Scrapy is a Python framework for building web crawlers. Unlike requests + BeautifulSoup, Scrapy handles everything — sending requests, parsing HTML, following links, and saving data — all in one structured project.

Use Scrapy when your crawler needs to:

  • Handle many pages or multiple URLs
  • Follow links automatically
  • Save data to files or databases in a consistent way

How Scrapy Works

The Spider defines what to crawl and how to parse it. The Engine handles scheduling and data flow.

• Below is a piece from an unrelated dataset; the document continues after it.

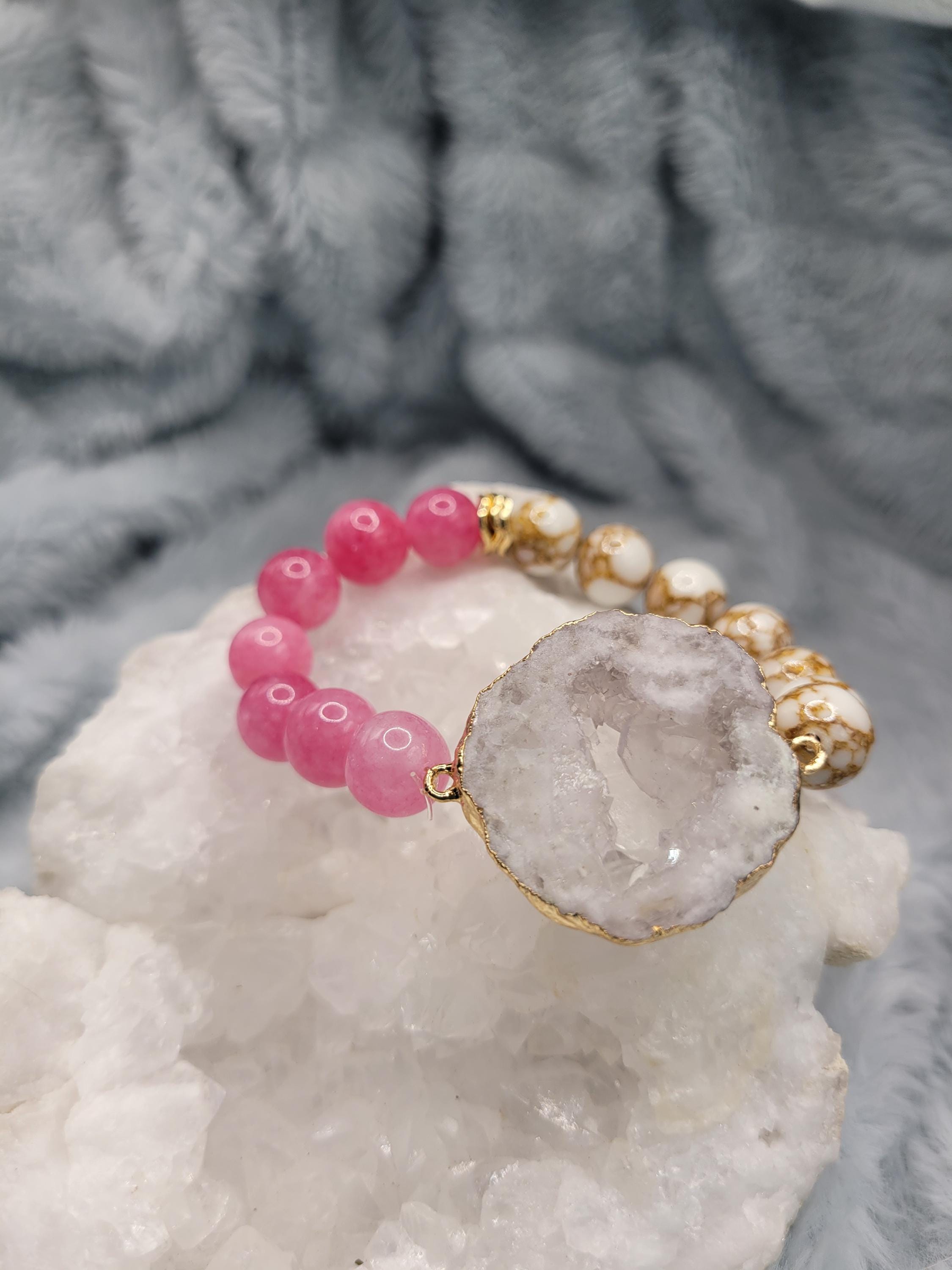 Energetically LOVING bracelet designed with natural 10 mm smooth round pink tormaline and copper spun howlite beads complimenting gold plated druzy quartz focal piece.

The Pipeline processes and saves the scraped data.


Installation

pip install scrapy

Verify the installation:

scrapy version

Create a Scrapy Project

scrapy startproject my_crawler
cd my_crawler

Project Structure

my_crawler/
├── scrapy.cfg
└── my_crawler/
├── __init__.py
├── items.py # Define data structure
├── middlewares.py # Custom request/response hooks
├── pipelines.py # Process and save scraped data
├── settings.py # Project configuration
└── spiders/ # Put your spiders here
└── __init__.py

The most important files for beginners are:

  • spiders/: Where you write your crawling logic
  • items.py: Define the fields you want to collect
  • pipelines.py: Process the collected data (e.g., save to CSV, database)
  • settings.py: Control crawl speed, headers, pipelines, etc.

Create Your First Spider

Create a file inside spiders/ — for example, spiders/quotes_spider.py:

import scrapy

class QuotesSpider(scrapy.Spider):
name = "quotes" # Unique name for this spider
start_urls = [
"https://quotes.toscrape.com/",
]

def parse(self, response):
for quote in response.css("div.quote"):
yield {
"text": quote.css("span.text::text").get(),
"author": quote.css("small.author::text").get(),
}

# Follow the "next" page link
next_page = response.css("li.next a::attr(href)").get()
if next_page:
yield response.follow(next_page, self.parse)

Key parts of a spider:

  • name: Used to run the spider from the terminal
  • start_urls: The pages Scrapy will crawl first
  • parse(): Called for each response — extract data and follow links here

CSS Selectors in Scrapy

Scrapy uses CSS selectors (similar to BeautifulSoup) to extract data from HTML.

MethodDescription
response.css("tag::text").get()Get text from the first matching element
response.css("tag::text").getall()Get text from all matching elements
response.css("tag::attr(href)").get()Get an attribute value
response.css("tag")Select elements (returns a list)

Example

# HTML: <a href="/page/2" class="next">Next</a>
response.css("a.next::attr(href)").get() # → "/page/2"
response.css("a.next::text").get() # → "Next"

Run the Spider

scrapy crawl quotes

Save Output to a File

# Save as JSON
scrapy crawl quotes -o output.json

# Save as CSV
scrapy crawl quotes -o output.csv

Use Scrapy Shell to Debug

Before writing your spider, use the Scrapy shell to test your selectors interactively.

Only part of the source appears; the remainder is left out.